A few studies have attempted to develop predictive models of the mechanical behaviour of bone based on the properties of the mineral, organic phase and their interaction at either the solid phase level20 or in terms of demineralised and deproteinised macro level.28 These cited studies have been limited to the prediction of elastic properties and have not distinguished between compression and tension. Our study can help take these predictive models forward. It is important to note that many of the findings in this study were only made possible by the novel experimental protocol which permitted evaluation of demineralised samples at different load levels and in both tension and compression.

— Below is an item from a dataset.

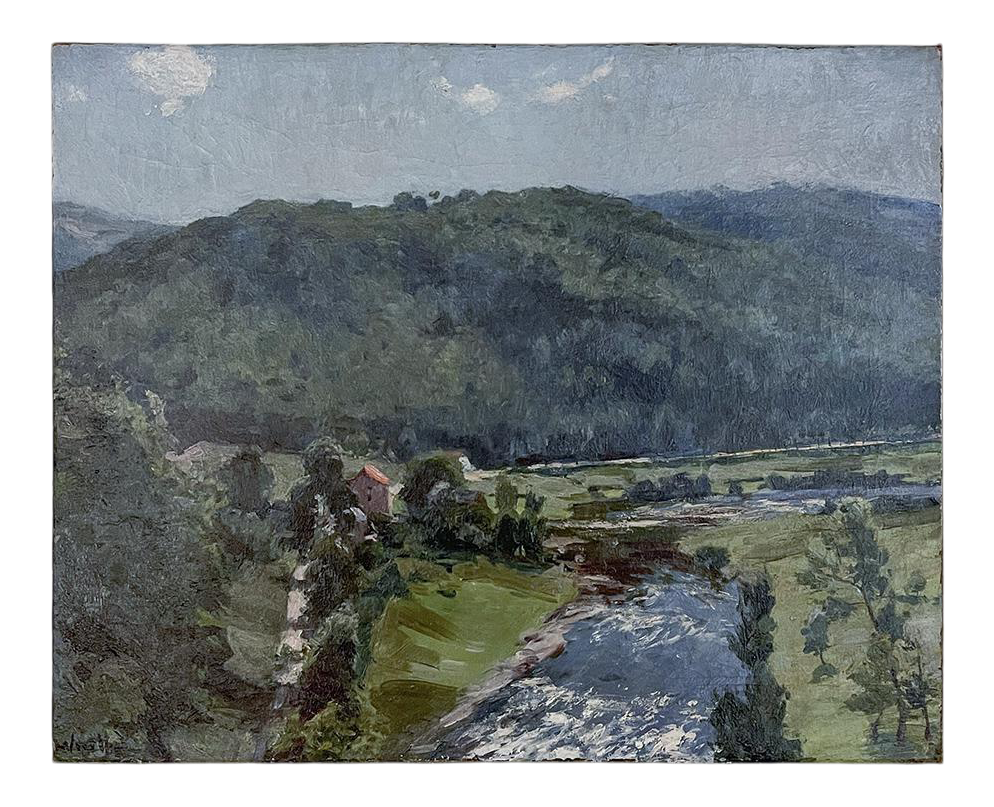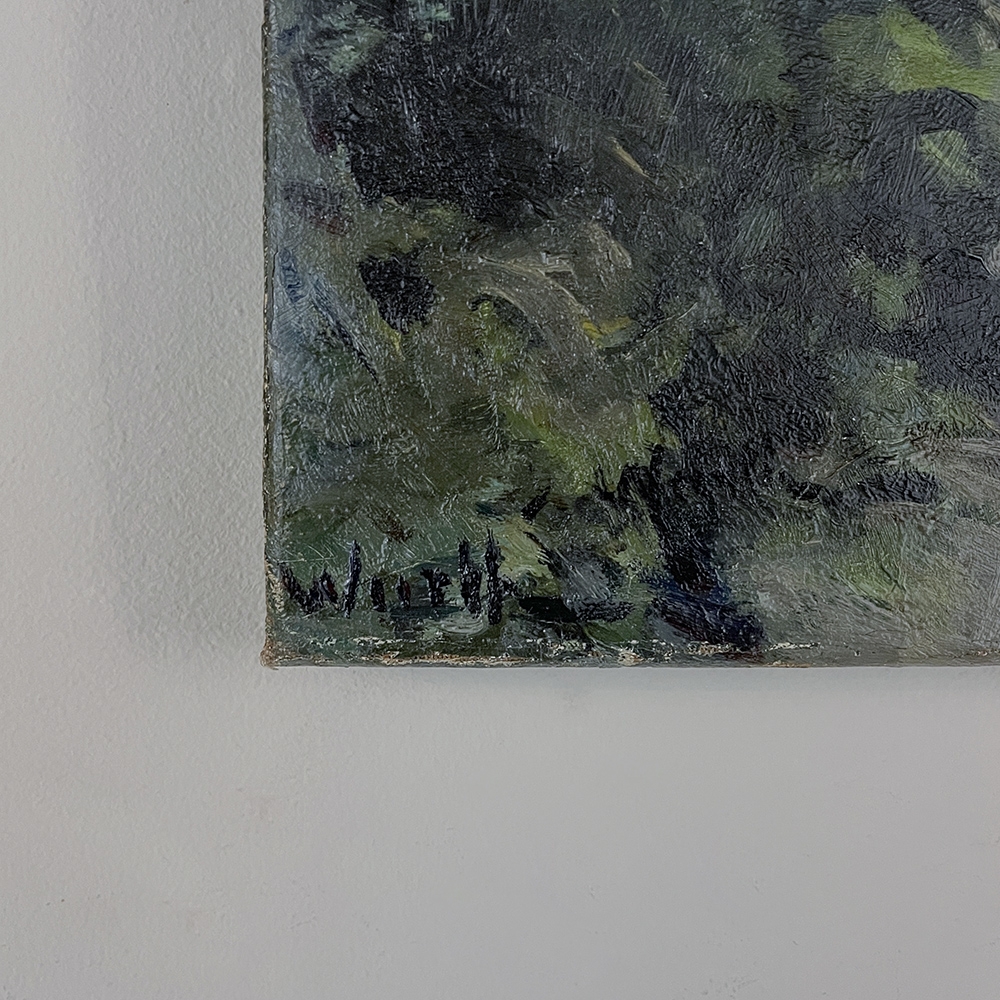 Wurth excelled in all areas: portraits, seascapes, and still lifes, although those types are less well known than his landscapes of the Ardennes which made his reputation. Wurth commonly depicted clouds and light with the accompanying luminosity creating a powerful presence on the canvas. His production of oils, watercolors, and drawings was very important in the Liège region, where a Wurth was hung on the wall of all the bourgeois houses. From 1889 to 1893, Xavier Wurth was a pupil of Adrien de Witte and Évariste Carpentier at the Académie Royale des Beaux-Arts in Liège. He exhibited many times and won the Prix de Rome. Friend of Richard Heintz, Auguste Donnay and Albert Sirtaine, he gave a particularly delicate shine to the Ardennes landscapes. About ten works can be found at the Museum of Walloon Art. He was also professor of drawing at the Royal Academy of Fine Arts in Liège from 1921 to 1932.

Our work suffers from a number of limitations. Firstly, all the tests were conducted at room temperature; creep behaviour has been reported to be temperature dependent.6 Secondly, the stress–strain responses were measured directly from the machine rather than using extensometer, but the aim of the paper is to compare the trends—response to reversible cyclic loading from tension to compression and across samples with different BV/TV prior to demineralisation. Lastly, since we only considered a limited number of samples, a statistical analysis that considers the influence of different variables was not possible. These trends, we believe, are real despite the limitations.

This study, we believe, makes several important contributions. Firstly it develops a novel experimental protocol that can evaluate the mechanical response of materials under cyclic loads that range from tension to compression and are of varying magnitudes. The study will help in the development of composite models from the mechanical response of its constituents. We have shown that the behaviour of the organic phase of trabecular bone has tension–compression asymmetry and varies with load levels and porosity. Interestingly, the transition from tension to compression is found to be smooth for all load levels. Collagen struts stiffen in tension while they undergo inelastic bucking in compression. These findings may explain, at least partially, the reasons for non-traumatic fractures in the elderly as increasing bone porosity and reduced collagen to mineral ratio will result in higher risk of buckling failure.